To do:
Your answer must be an exact copy of the listing, with the images left out.

Raw data:
☆ ☆ ☆ ☆

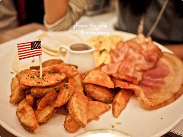 碳烤帶皮燻火腿、香煎培根、美式炒蛋、招牌脆薯與手工鬆餅,道地的美式早午餐~
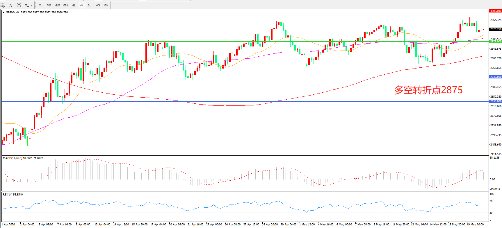 4小时图看,标普500延续高位震荡,整体表现回暖,2875一线成为短期支撑,2930一线成为上方阻力,均线系统走平, MACD红柱减少,RSI指标走平,日内延续震荡概率较大。
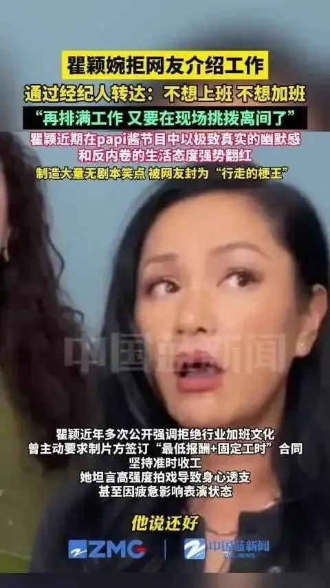 瞿颖翻红后,经纪人发文称:大家不要再给我们介绍工作了,回复不过来。 她还透露瞿颖已经表态,“说再给她排满了工作她就又要开始在现场挑拨离间了,望周知,不想上班,不想加班!”
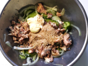 ④きゅうりがしんなりしたら、鯖缶をほぐしたものと、ゴマ、マヨネーズ、寿司酢をボールに加えてよく混ぜます。

☆ ☆ ☆ ☆

Task result:
 碳烤帶皮燻火腿、香煎培根、美式炒蛋、招牌脆薯與手工鬆餅,道地的美式早午餐~
 4小时图看,标普500延续高位震荡,整体表现回暖,2875一线成为短期支撑,2930一线成为上方阻力,均线系统走平, MACD红柱减少,RSI指标走平,日内延续震荡概率较大。
 瞿颖翻红后,经纪人发文称:大家不要再给我们介绍工作了,回复不过来。 她还透露瞿颖已经表态,“说再给她排满了工作她就又要开始在现场挑拨离间了,望周知,不想上班,不想加班!”
 ④きゅうりがしんなりしたら、鯖缶をほぐしたものと、ゴマ、マヨネーズ、寿司酢をボールに加えてよく混ぜます。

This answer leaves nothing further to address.